# Problem to solve:
Give back, exactly as written, the lines of the listing from the top through the line holding "Ящик Fresh Choice", and nothing more. Exclude pictures.
---------- Material for the task
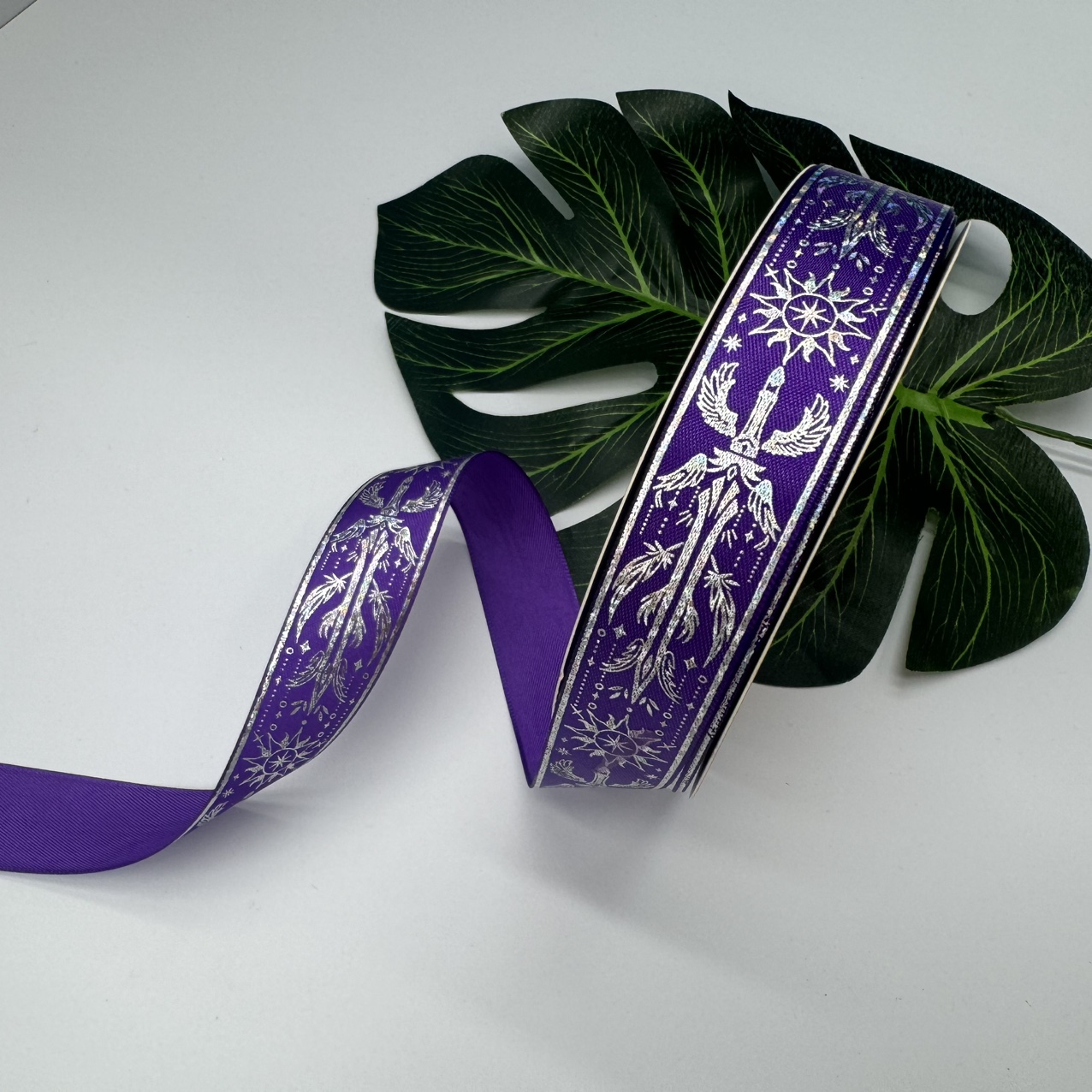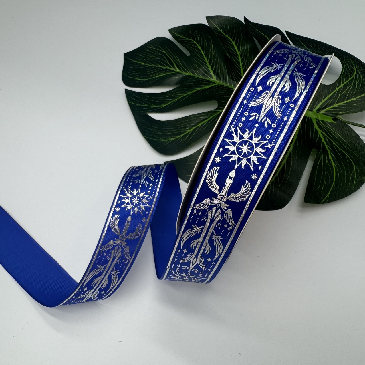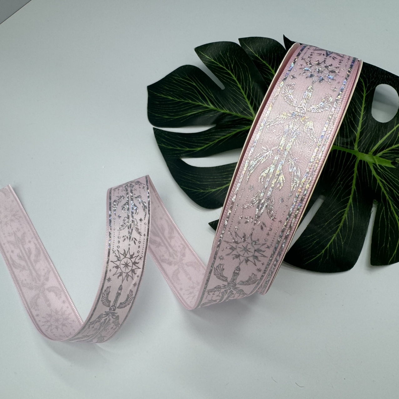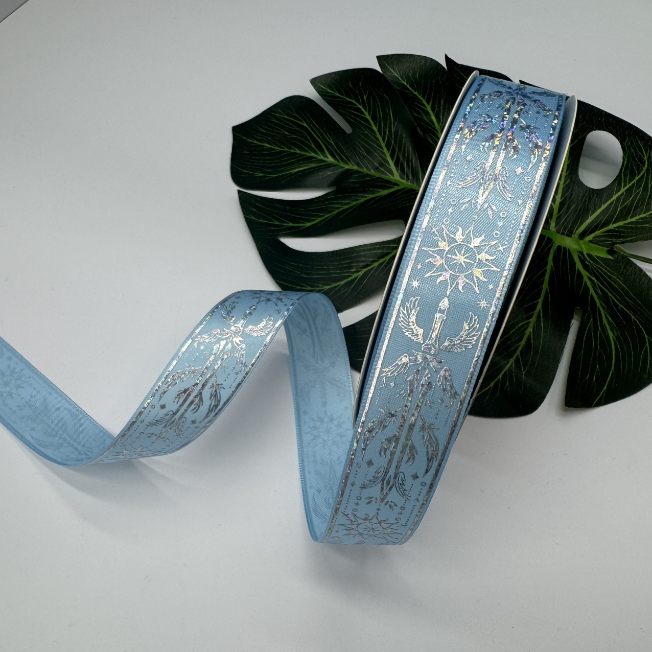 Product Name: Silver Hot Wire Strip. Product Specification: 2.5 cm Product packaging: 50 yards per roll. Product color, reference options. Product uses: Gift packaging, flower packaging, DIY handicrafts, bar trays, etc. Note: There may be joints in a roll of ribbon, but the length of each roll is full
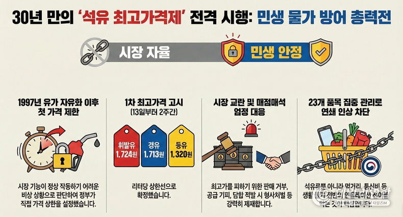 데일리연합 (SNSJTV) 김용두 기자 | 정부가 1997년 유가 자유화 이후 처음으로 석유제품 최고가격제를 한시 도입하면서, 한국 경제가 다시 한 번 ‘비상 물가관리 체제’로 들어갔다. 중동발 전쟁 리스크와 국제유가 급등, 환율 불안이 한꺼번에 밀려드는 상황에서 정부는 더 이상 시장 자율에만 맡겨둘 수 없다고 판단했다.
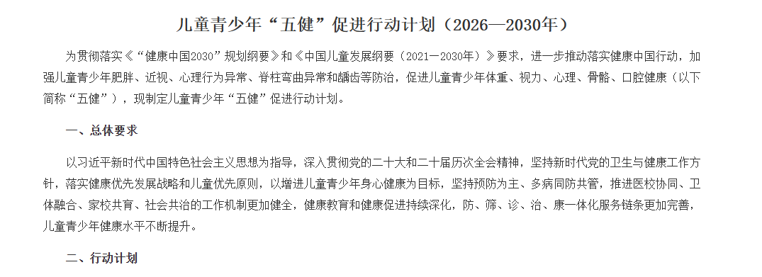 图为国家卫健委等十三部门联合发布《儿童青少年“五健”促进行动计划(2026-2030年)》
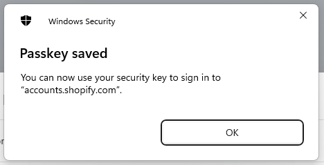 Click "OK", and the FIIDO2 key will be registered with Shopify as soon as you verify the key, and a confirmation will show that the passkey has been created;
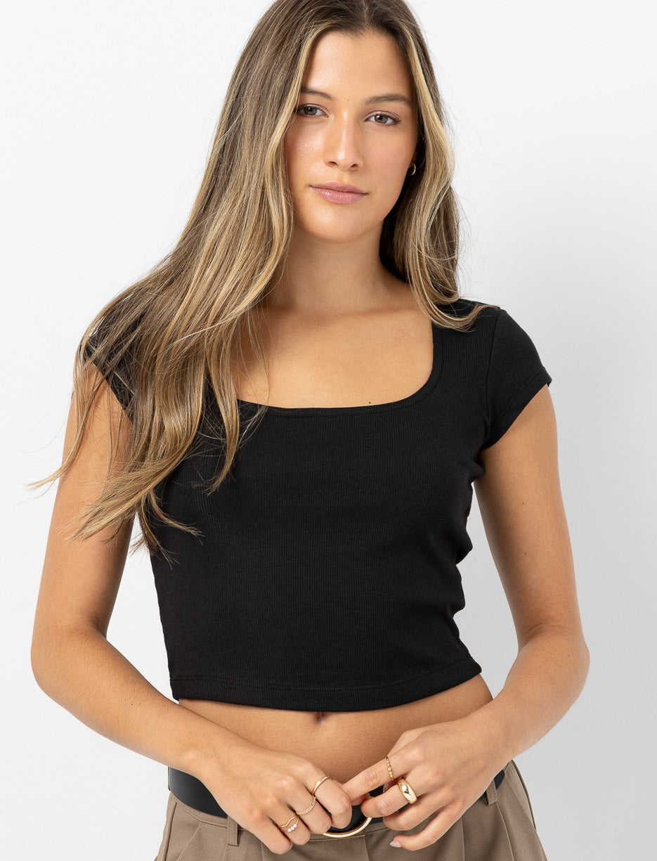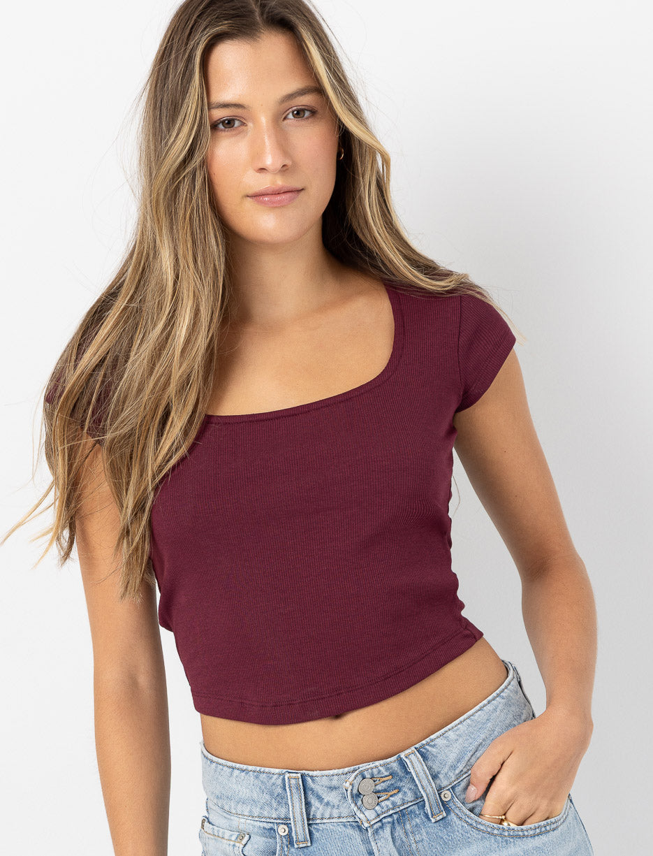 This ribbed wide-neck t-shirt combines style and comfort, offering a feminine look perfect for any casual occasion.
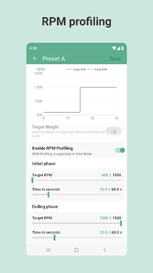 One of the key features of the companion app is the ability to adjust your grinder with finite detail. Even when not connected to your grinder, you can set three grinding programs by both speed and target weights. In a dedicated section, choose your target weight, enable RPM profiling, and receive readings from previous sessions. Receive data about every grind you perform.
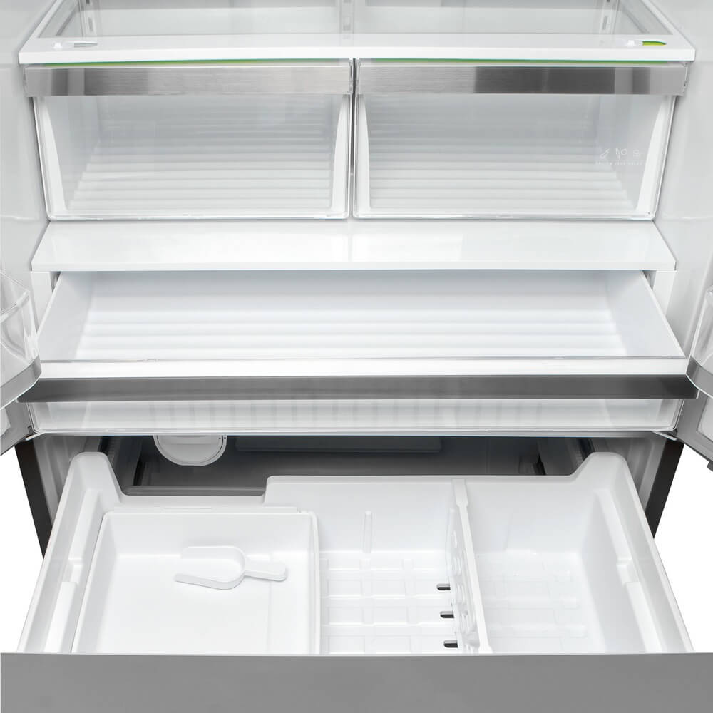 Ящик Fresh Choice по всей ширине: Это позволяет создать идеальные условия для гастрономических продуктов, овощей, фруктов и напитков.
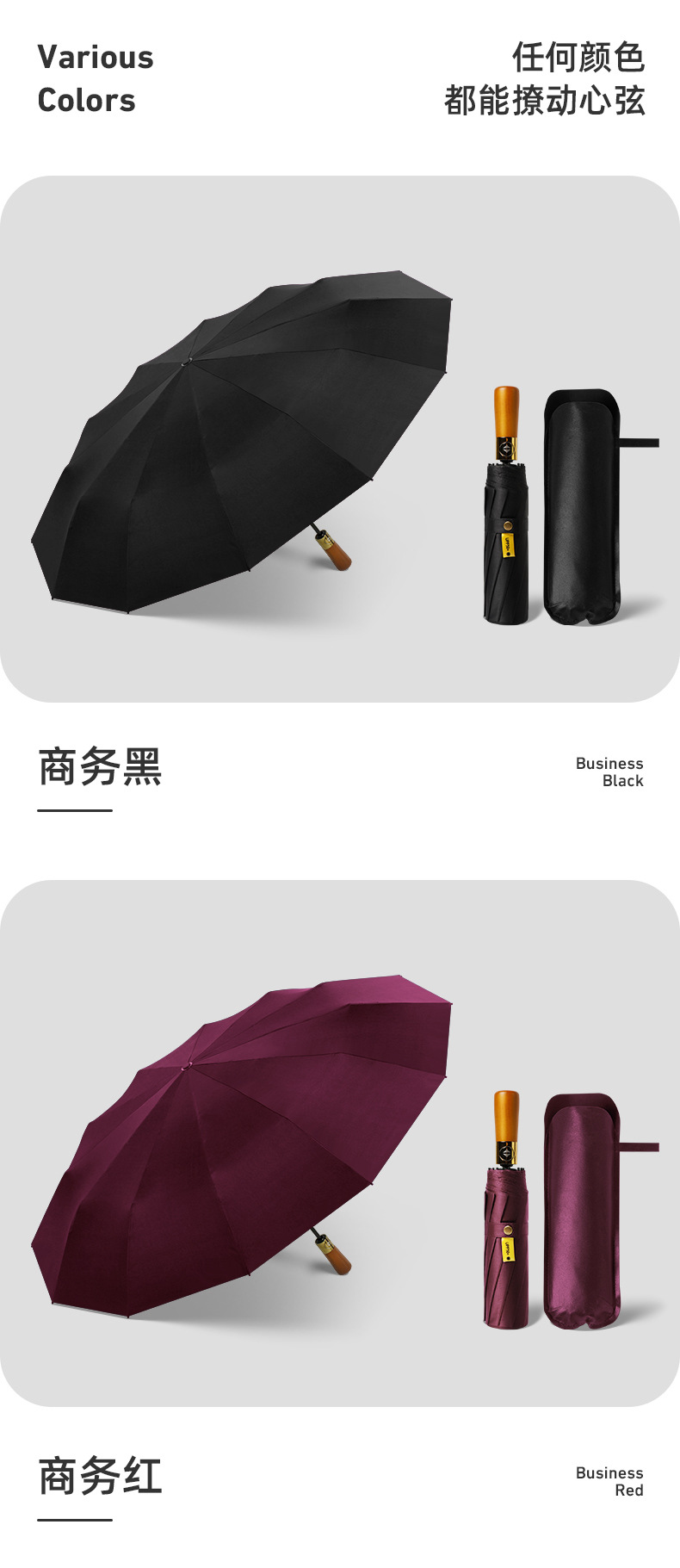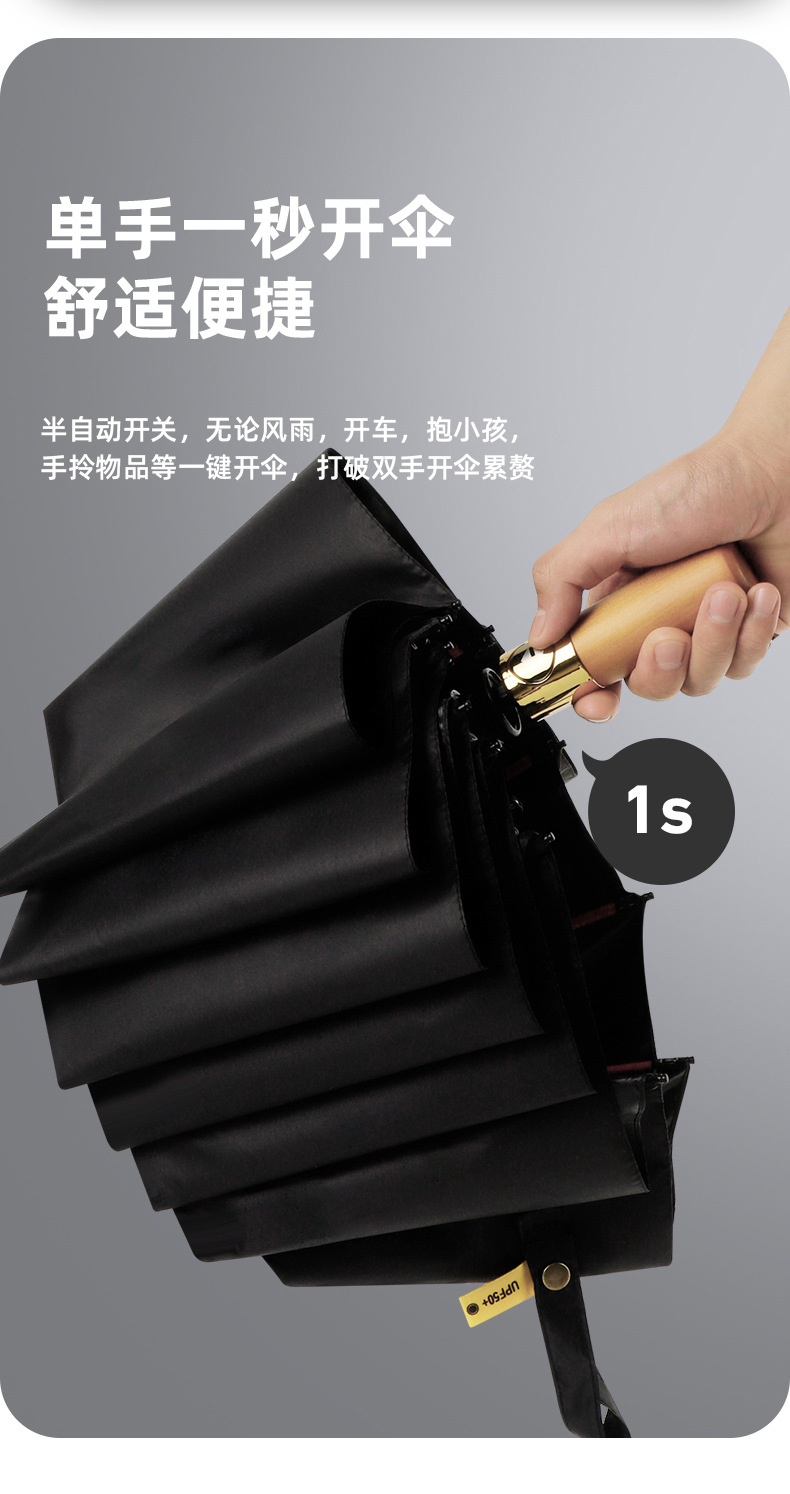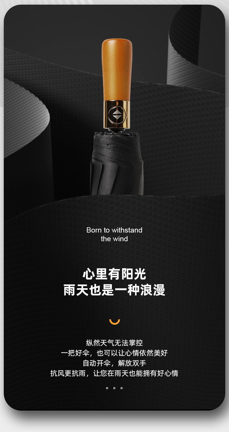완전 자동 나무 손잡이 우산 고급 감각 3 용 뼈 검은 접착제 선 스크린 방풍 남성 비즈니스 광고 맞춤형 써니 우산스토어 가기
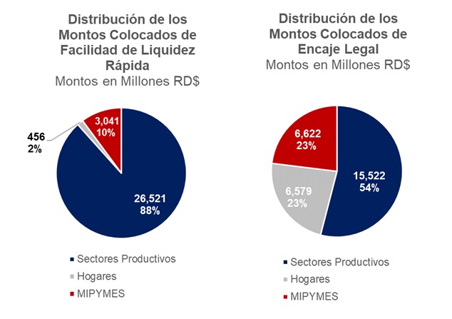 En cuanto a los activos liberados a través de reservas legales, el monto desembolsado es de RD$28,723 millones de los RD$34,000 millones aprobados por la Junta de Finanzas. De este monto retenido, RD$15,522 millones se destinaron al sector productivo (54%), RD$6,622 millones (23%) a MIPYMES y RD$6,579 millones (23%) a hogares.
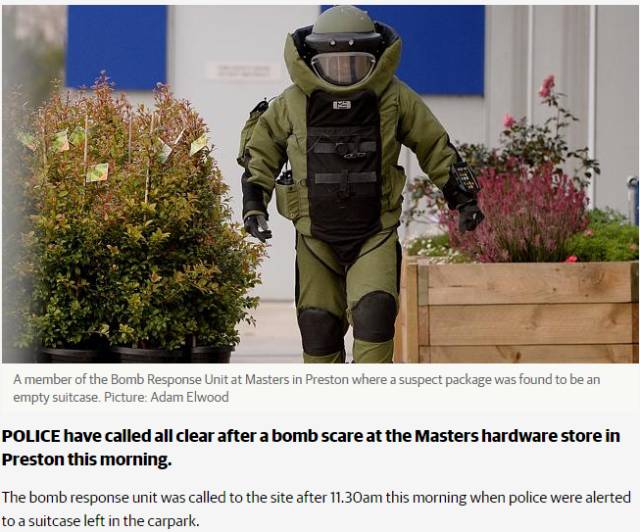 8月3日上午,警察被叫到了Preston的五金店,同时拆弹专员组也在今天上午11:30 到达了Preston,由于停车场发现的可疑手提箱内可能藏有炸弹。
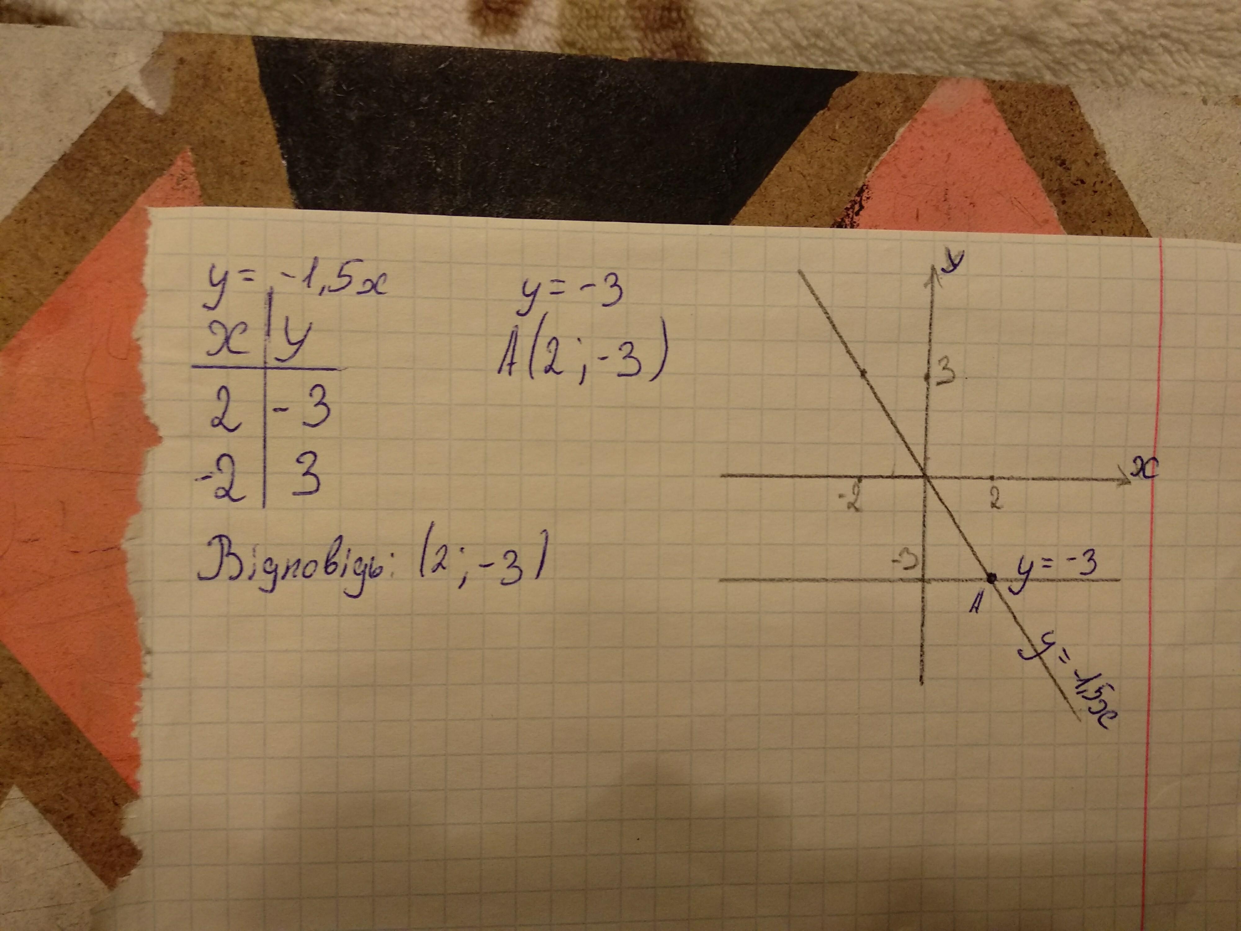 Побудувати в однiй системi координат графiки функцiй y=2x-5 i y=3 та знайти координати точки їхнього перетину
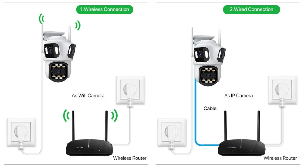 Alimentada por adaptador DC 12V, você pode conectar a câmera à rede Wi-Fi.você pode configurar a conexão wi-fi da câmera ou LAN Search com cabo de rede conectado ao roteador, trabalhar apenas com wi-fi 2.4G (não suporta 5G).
--------------------
# Result:
 Product Name: Silver Hot Wire Strip. Product Specification: 2.5 cm Product packaging: 50 yards per roll. Product color, reference options. Product uses: Gift packaging, flower packaging, DIY handicrafts, bar trays, etc. Note: There may be joints in a roll of ribbon, but the length of each roll is full
 데일리연합 (SNSJTV) 김용두 기자 | 정부가 1997년 유가 자유화 이후 처음으로 석유제품 최고가격제를 한시 도입하면서, 한국 경제가 다시 한 번 ‘비상 물가관리 체제’로 들어갔다. 중동발 전쟁 리스크와 국제유가 급등, 환율 불안이 한꺼번에 밀려드는 상황에서 정부는 더 이상 시장 자율에만 맡겨둘 수 없다고 판단했다.
 图为国家卫健委等十三部门联合发布《儿童青少年“五健”促进行动计划(2026-2030年)》
 Click "OK", and the FIIDO2 key will be registered with Shopify as soon as you verify the key, and a confirmation will show that the passkey has been created;
 This ribbed wide-neck t-shirt combines style and comfort, offering a feminine look perfect for any casual occasion.
 One of the key features of the companion app is the ability to adjust your grinder with finite detail. Even when not connected to your grinder, you can set three grinding programs by both speed and target weights. In a dedicated section, choose your target weight, enable RPM profiling, and receive readings from previous sessions. Receive data about every grind you perform.
 Ящик Fresh Choice по всей ширине: Это позволяет создать идеальные условия для гастрономических продуктов, овощей, фруктов и напитков.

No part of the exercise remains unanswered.